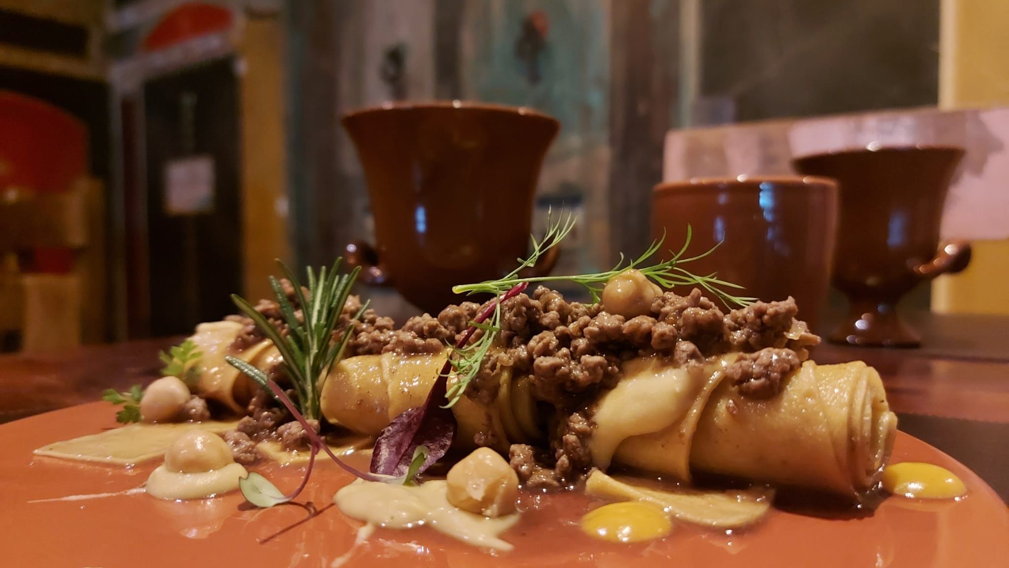 - Luculliano dish: Epiterium of black olives and rosemary, Trimalcione meatball, Savillum (first salt cheese with honey), hard-boiled egg with black sesame, toasted panis with garum, fried artichoke with coriander and yellow lupins
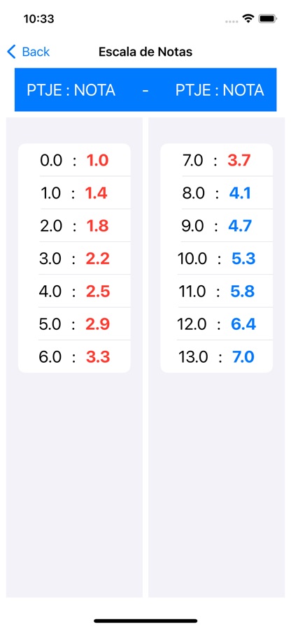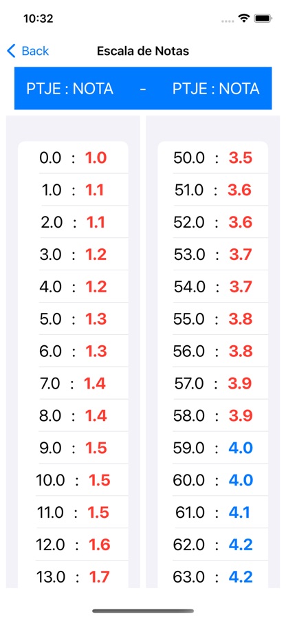 Resultados claros: Visualiza la escala en un formato de dos columnas, con notas aprobatorias en azul y reprobatorias en rojo.
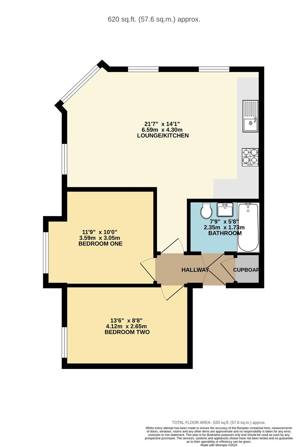 LOUNGE/KITCHEN: 6.59m x 4.3m (21'7" x 14'1") Open-plan living area with modern fitted kitchen units, five-ring gas hob, electric oven and integrated fridge freezer. Space and plumbing for washing machine.
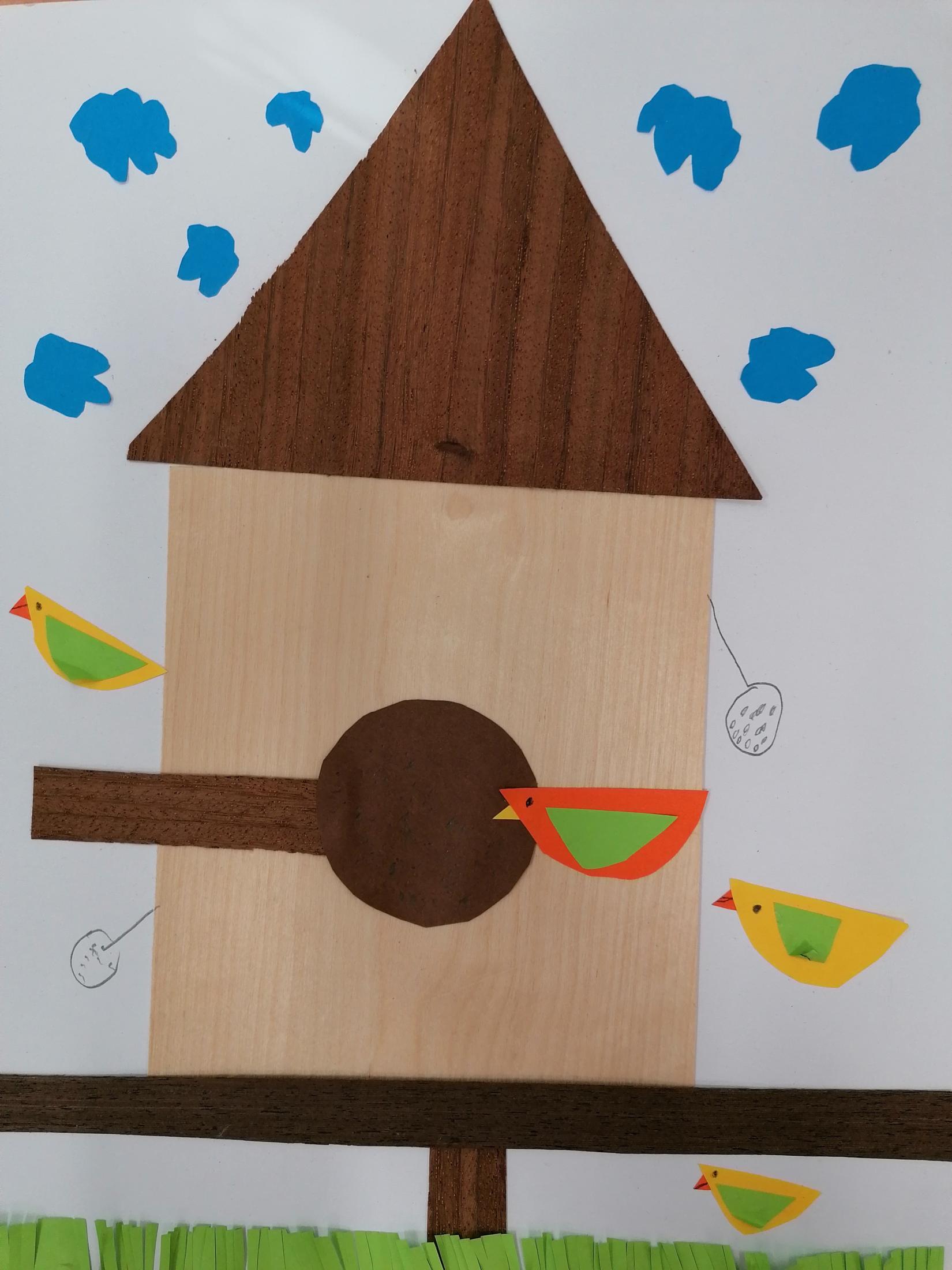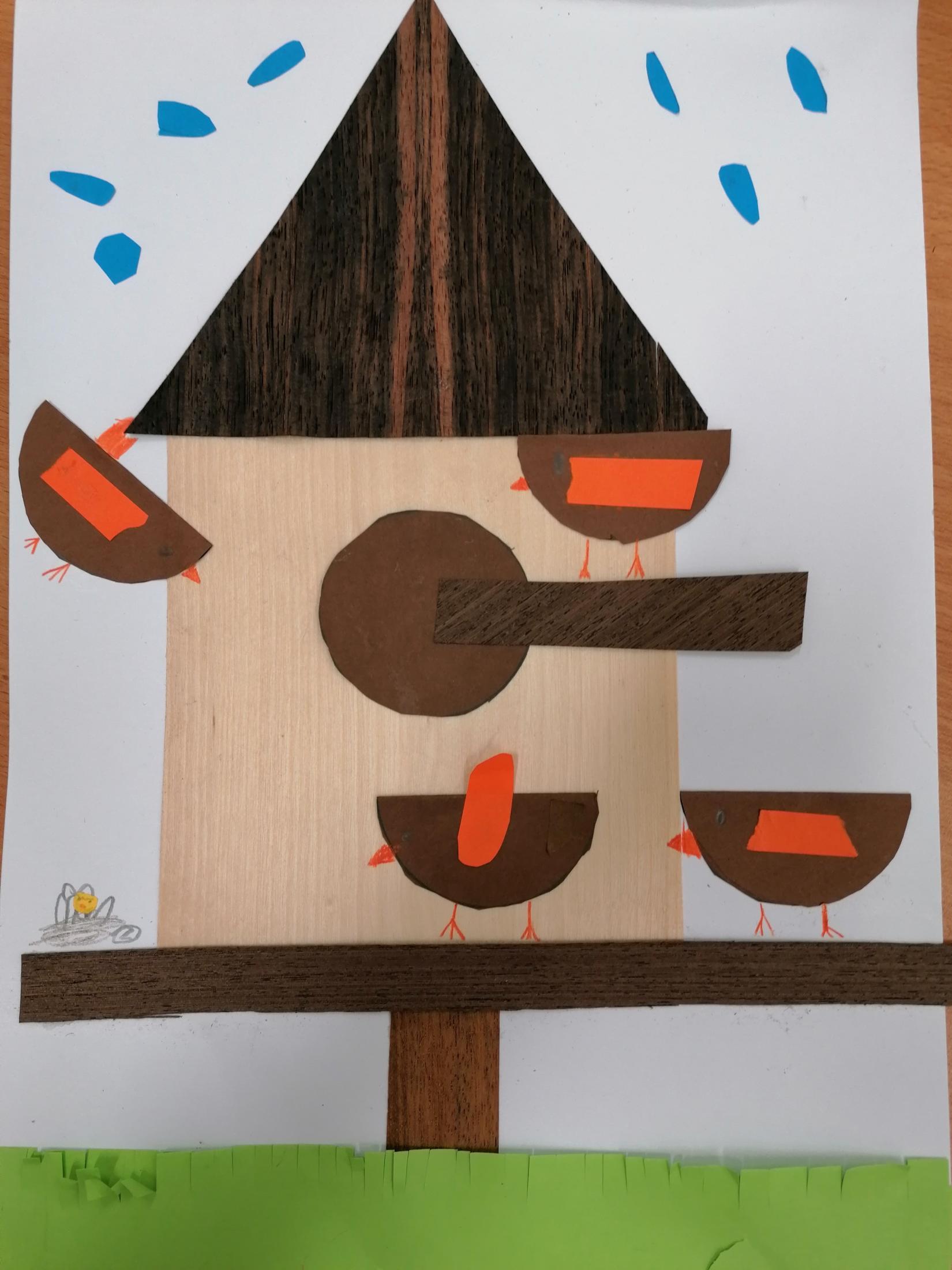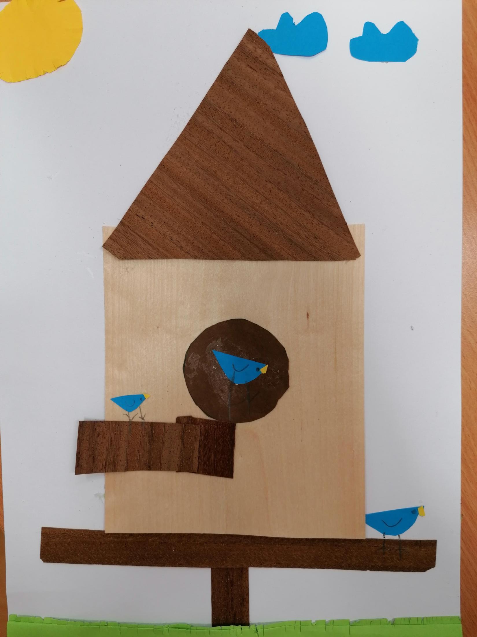 Při tvořivých činnostech jsme zkoušeli pracovat s dýhou. Máme pro ptáčky moc pěkná krmítka.
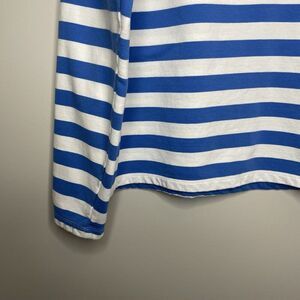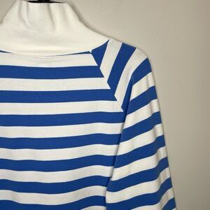 J.CREW Sweatshirt Women Large Striped Button Collar Pullover Terry Blue BQ148
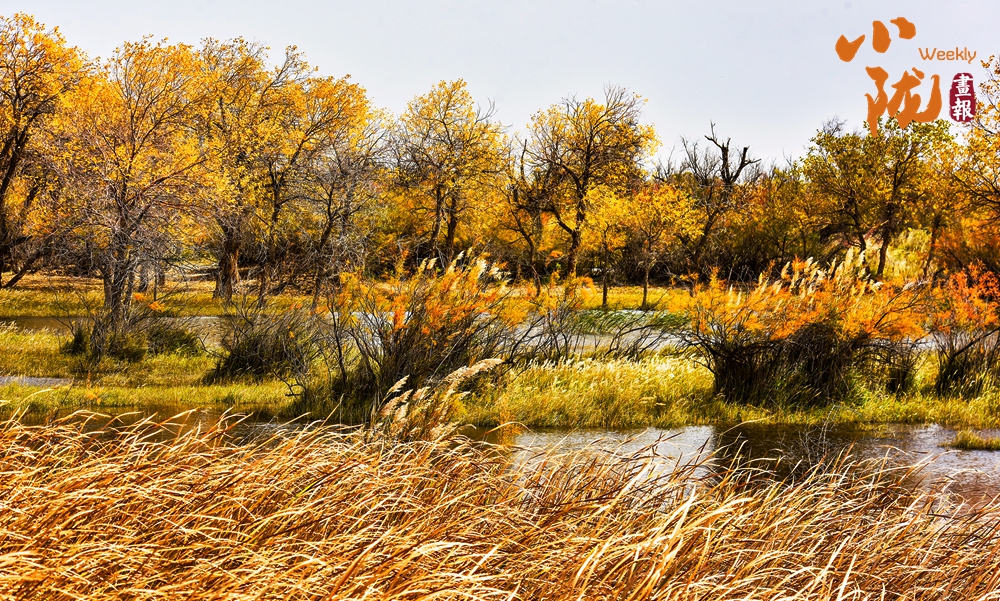 金色胡楊在陽(yáng)光下泛著溫暖光澤,斑斕絢麗的蘆葦如金色絲帶點(diǎn)綴荒漠,與碧綠河水、湛藍(lán)天空構(gòu)成濃墨重彩的秋日?qǐng)D景。
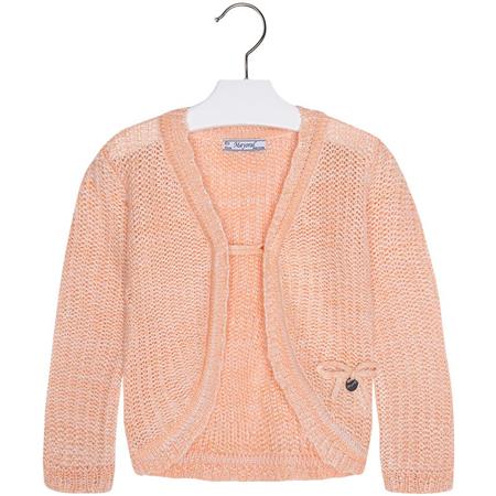 Pletena jopica za punce v marelični barvi. Spredaj je rezana na okroglo, na sredini ima skriti gumbek in zanko, da se jo lahko zapne. Pri strani pa okrasna mašna.

·····

(Task to complete) Once the line containing "金色胡楊在陽(yáng)光下" has been located, transcribe exactly and only every line from the first line of the entries through it, excluding pictures.

(Solution for this problem)
 - Luculliano dish: Epiterium of black olives and rosemary, Trimalcione meatball, Savillum (first salt cheese with honey), hard-boiled egg with black sesame, toasted panis with garum, fried artichoke with coriander and yellow lupins
 Resultados claros: Visualiza la escala en un formato de dos columnas, con notas aprobatorias en azul y reprobatorias en rojo.
 LOUNGE/KITCHEN: 6.59m x 4.3m (21'7" x 14'1") Open-plan living area with modern fitted kitchen units, five-ring gas hob, electric oven and integrated fridge freezer. Space and plumbing for washing machine.
 Při tvořivých činnostech jsme zkoušeli pracovat s dýhou. Máme pro ptáčky moc pěkná krmítka.
 J.CREW Sweatshirt Women Large Striped Button Collar Pullover Terry Blue BQ148
 金色胡楊在陽(yáng)光下泛著溫暖光澤,斑斕絢麗的蘆葦如金色絲帶點(diǎn)綴荒漠,與碧綠河水、湛藍(lán)天空構(gòu)成濃墨重彩的秋日?qǐng)D景。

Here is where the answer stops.